Phase III Study of Tolvaptan Tablet to Treat Cirrhosis Ascites

Phase 3

Completed

• Conditions: Ascites; Hepatic Cirrhosis
• Interventions: Drug: placebo; Drug: Tolvaptan

• Registration Number: NCT01349348
• Lead Sponsor: Otsuka Beijing Research Institute

Brief Summary

To evaluate the efficacy and safety of Tolvaptan 7.5mg and 15mg in treatment of patients with cirrhosis ascites who fail to response adequately to treatment with common diuretics.

Detailed Description

For symptoms of fluid retention due to liver diseases (ascites and/or lower extremity edema, i.e. hepatic edema), treatment generally starts with bed rest and a low-salt diet.
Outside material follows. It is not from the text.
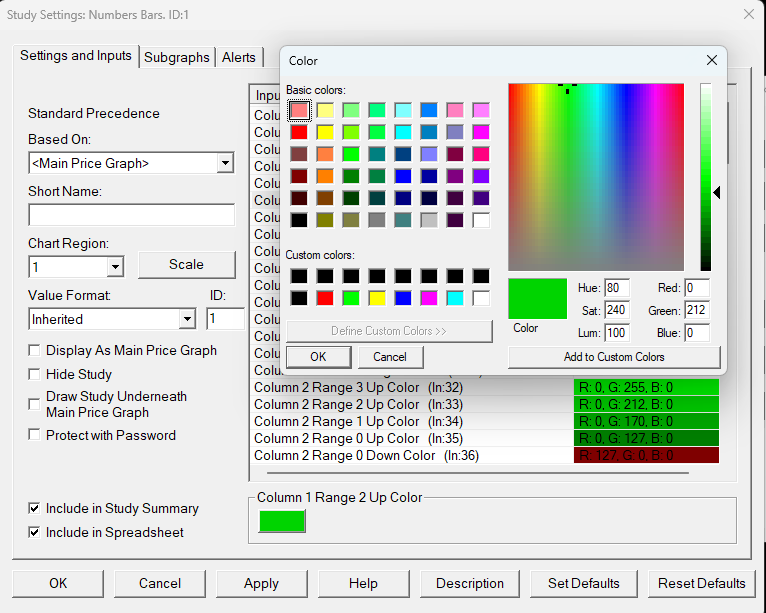 It looks like you have not selected the color button on the Settings window to bring up the color selector. You need to select that color that is showing at the bottom to bring that up. Attached is an image what you should get when you select that color. With regards to the Markers not showing in the other columns, this is because you have the set the "Graph Draw Type" to "Renko Brick with Wicks", but since this is not a Renko chart, it does not make sense. Change the "Graph Draw Type" to "OHLC Bars" or "Candlestick" and you will see the markers in all the bars. For the most reliable, advanced, and zero cost futures order routing, use the Teton service: Sierra Chart Teton Futures Order Routing |
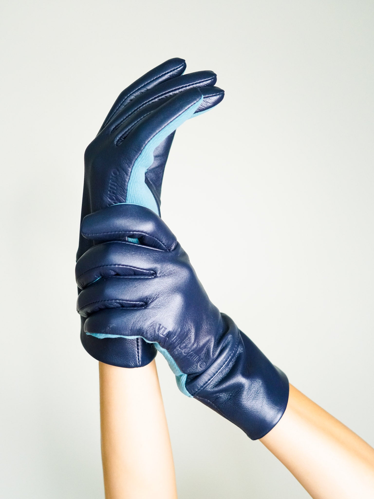 A classic leather glove with a modern twist & pop of colour.  VIANNA OCCHINO logo embossed in leather.  Palms made of premium breathable neoprene.

Aldosterone antagonists and loop diuretics are commonly used diuretics in the treatment of fluid retention due to liver diseases. In aldosterone antagonists' therapy, nevertheless, hyperkalemia is frequently reported, slow onset of action and dose escalation needed also impair its effect. If aldosterone antagonists' therapy is ineffective, loop diuretics as strong diuretics are usually added up. However, Dose escalation of loop diuretics also boost the occurrence of hyponatremia and hypokalemia, and combination of the two drugs provided fastest onset of effectiveness with less adverse events. While, because both diuretics can cause sodium lose which is difficult to prevent and treat, hyponatremia is easy to occur. The combination of aldosterone antagonists and K-sparing diuretics reduces the occurrence of hypokalemia but have little effect on the prevention and treatment of hyponatremia. In addition, there are still some patients who are resistent to loop diuretics or intolerant of an effective diuretic dosage due to adverse events.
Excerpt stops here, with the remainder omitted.